Search code examples
rtext-filesreadlinereadr

Remove certain lines (with ---- and empty lines) from txt file using readLines() or read_lines()


I have this text file called textdata.txt:

TREATMENT DATA

------------------------------------
A: Text1
B: Text2

C: Text3
D: Text4

E: Text5
F: Text6
G: Text7

I would like to remove the whole line with --------- and the empty lines using readLines or read_lines:

When I use readLines("textdata.txt") I get:

 [1] "TREATMENT DATA"                      
 [2] ""                                    
 [3] "------------------------------------"
 [4] "A: Text1"                            
 [5] "B: Text2"                            
 [6] ""                                    
 [7] "C: Text3"                            
 [8] "D: Text4"                            
 [9] ""                                    
[10] "E: Text5"                            
[11] "F: Text6"                            
[12] "G: Text7"  

I would like to have, expected output:

 [1] "TREATMENT DATA"                      
 [2] "A: Text1"                            
 [3] "B: Text2"                                                               
 [4] "C: Text3"                            
 [5] "D: Text4"                                                             
 [6] "E: Text5"                            
 [7] "F: Text6"                            
 [8] "G: Text7"                                                             
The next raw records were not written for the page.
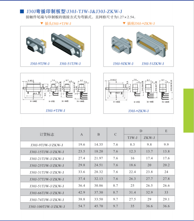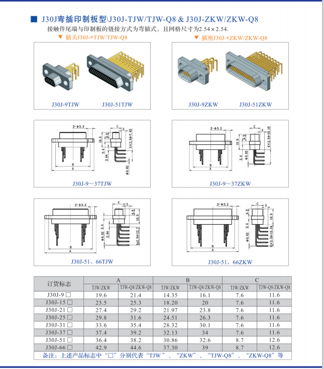 J30J-25TJ/ZKW彎式印制板矩形接插件,結構與正常矩形連接器是一樣的,,不同的是端接方式有所改變,除電纜式焊接,直式印制板焊接外。這個焊接插針是90°彎角。一般是用在小型儀器設備,空間小,而且線路板是平躺式的,與設備墻體成90°,在此要注意的是線路板上開孔時建議和廠家多聯系,按照廠家開孔圖紙進行打孔,以免誤差,以下是產品結構圖,氣功看看: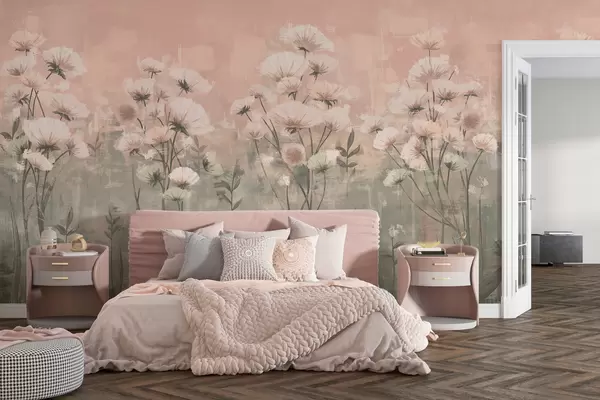 Τοιχογραφίες Λεπτά αγριολούλουδα με πινελιές σε ροζ χρώμα Nr. w02629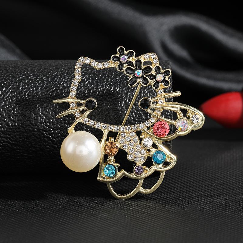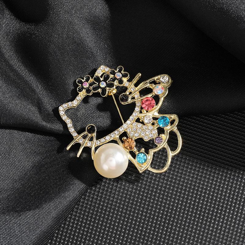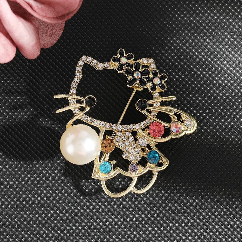 Broche de gato de dibujos animados con diamantes de imitación de colores, bonito broche para abrigo, ramillete de moda simple, joyería para mujer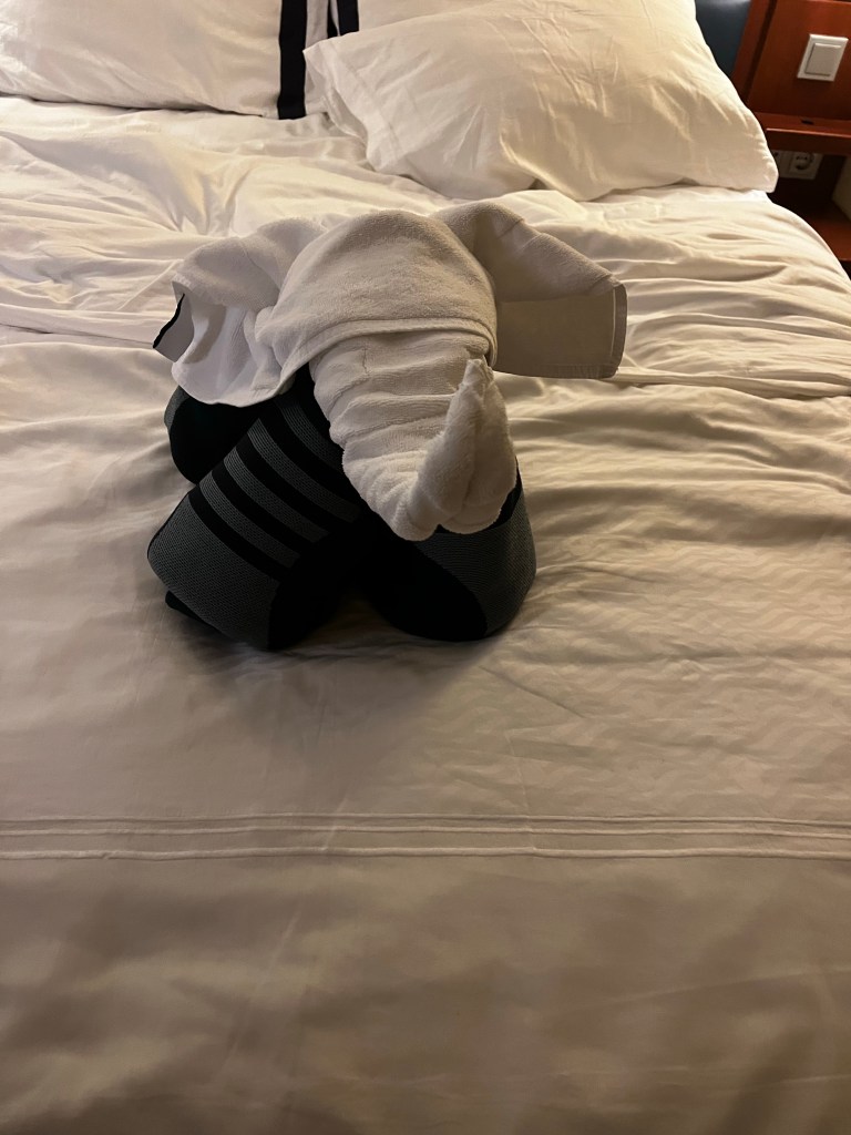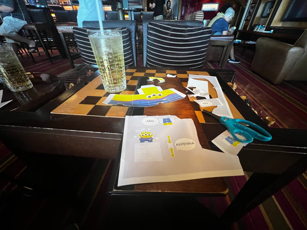 We decided we should have a change in location and went down to deck 4 to walk around and relax in the loungers. Pub 687 had an adults craft so we headed over there to check that out. It was making one of the little Aliens. We decided get needed a Jameson and ginger ale while we made out craft. After the feast was done we still hadn’t finished our drinks so we decided to stay and watch the making of the Dream.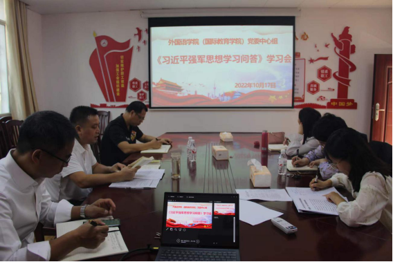 2022年10月17日16:30,必赢3003no1线路检测中心(国际教育学院)在外语楼403会议室开展《习近平强军思想学习问答》学习会。会议由党委书记覃春华主持,党委中心组全体成员参加会议。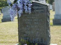CEMSearch: Name: Samuel Mitchell; Born: 1831; Died: 1908-05-04; Notes: Husband of Esther Sweet; Buried: Stone's Cemetery; Other names: Arthur Mitchell (1883-1965), Charles W. Mitchell (1881-1971), Esther Mitchell (Sweet) (1840-1918), Florence Mitchell (Honey) (1891-1965), Jennie Mitchell (Williams) (1909-1986), Robert S. Michell (1867-1937), Wilbert Mitchell (1879-1963)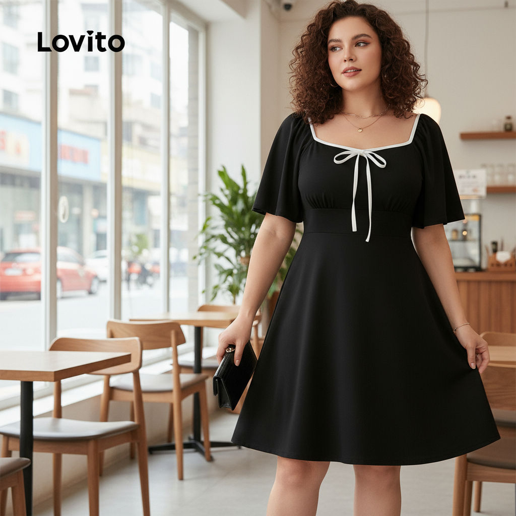 ✅Destaques -❤️Fixação Em Contraste -❤️Laço -❤️Macio E Confortável -❤️Verão/Primavera ✅Descrições Estampa: Lisa Estilo: Casual Tipo De Vestido: Evasê Tamanho Plus: Sim Material: Poliéster Composição: 95% Poliéster + 5% Elastano Tipo De Caimento: Regular Transparência: Não Elasticidade: Leve Região De Origem: China Continental ✅O Pacote Inclui 1Xvestido ✅Introdução À Lovito A Lovito É Uma Marca Emergente Que Acredita No Poder Feminino, Comprometida Em Oferecer Opções De Roupas Elegantes E Acessíveis Para Diferentes Estilos, Necessidades E Identidades. Acreditamos Que A Moda Deve Ser Divertida, Libertadora E Fazer Você Se Sentir Bem. Afinal, O Melhor Acessório Para Qualquer Look É A Autoconfiança. ✅Notas De Compra Consulte Sua Altura E A Tabela De Tamanhos Antes De Comprar. Há Uma Diferença De 2 A 3% Devido À Medição Manual. Todas As Fotos Dos Produtos Nesta Loja São 100% Reais. Devido À Diferença De Luz E Tela, É Normal Haver Uma Sutil Diferença De Cor E Erros Reais. Siga Nossa Loja E Descubra Novos Itens E As Melhores Ofertas Para Você! Se Tiver Alguma Dúvida, Entre Em Contato Conosco Pelo Chat E Responderemos O Mais Breve Possível.

Background: I have de facto no experience handling files with R. The basic idea is to get a .txt format from which I can load multiple text files stored in a folder to one dataframe.


Solution

  • 1) read.table If we can assume that the only occurrence of - is where shown in the question and if ? does not occur anywhere in the file then this will read in the data regarding every line as a single field and throwing away the header. Since - is the comment character lines with only - are regarded as blank and those will be thrown away. This reads the file into a one columnn data frame and the [[1]] returns that column as a character vector. If you want to keep the header omit header=TRUE.
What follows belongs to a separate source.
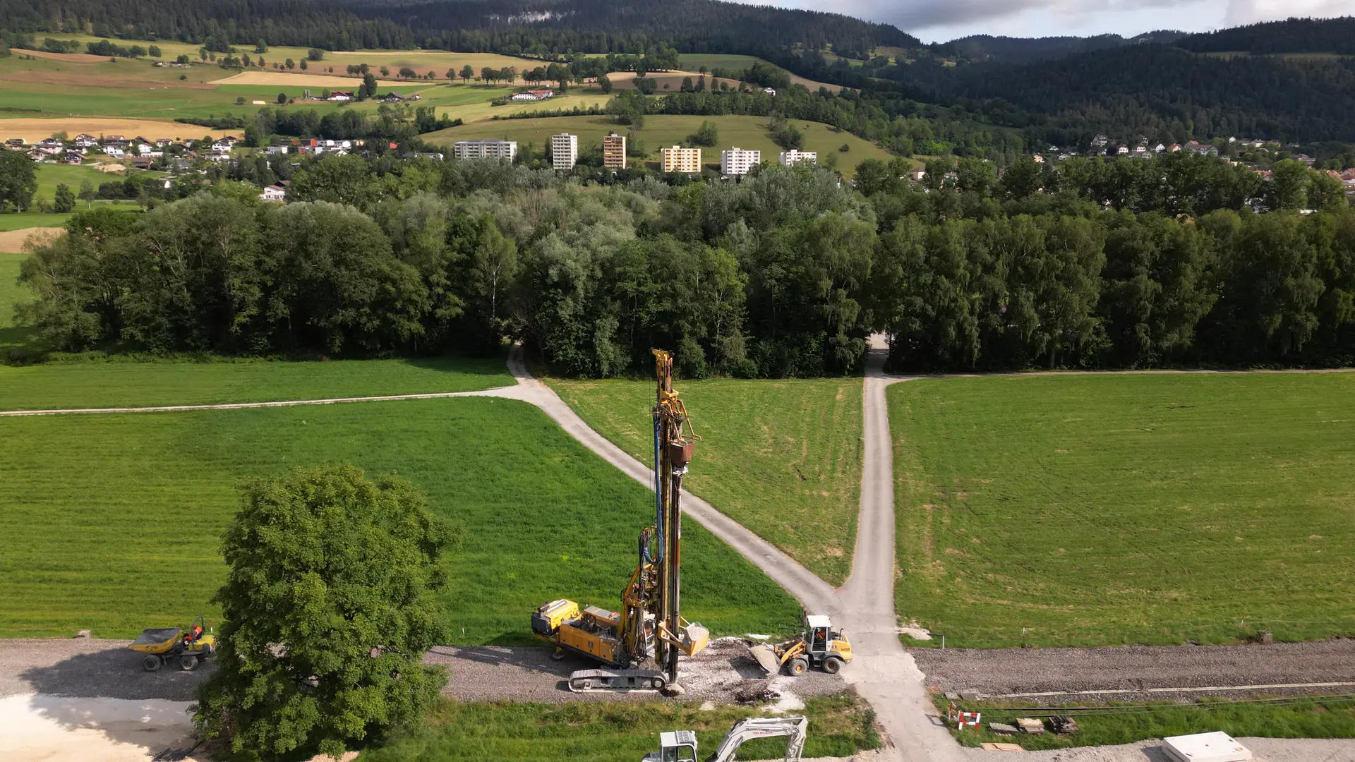 In collaboration with the experts from Bauer Spezialtiefbau Schweiz, the Neuchâtel transport company has completed a challenging track renovation project on the railroad line between Couvet and Môtiers. The unstable position of the overhead line masts and displaced tracks due to the soft ground, consisting of layers of peat up to 3 m thick, required an innovative solution. The load-bearing capacity of the soil was improved with vibrating stone columns (RSV) and precisely installed Kelly piles – a sustainable method that protects the environment in the nature reserve. Thanks to intensive testing and Bauer's expertise, all the work was completed on schedule in October 2024 despite the challenges.

    read.table("myfile", sep = "?", comment.char = "-", header = TRUE)[[1]]
    

    2) grep Another possibility is to read in the file and then remove lines that are empty or contain only - characters.

    grep("^-*$", readLines("myfile"), invert = TRUE, value = TRUE)
    

    3) pipe We could process the input using a filter and then pipe that into R. On Windows grep is found in C:\Rtools40\usr\bin if you have Rtools40 installed but if it is not on your path either use the complete path or if you don't have it at all replace grep with findstr. If on UNIX/Linux the escaping may vary according to which shell you are using.

    readLines(pipe('grep -v "^-*$" myfile'))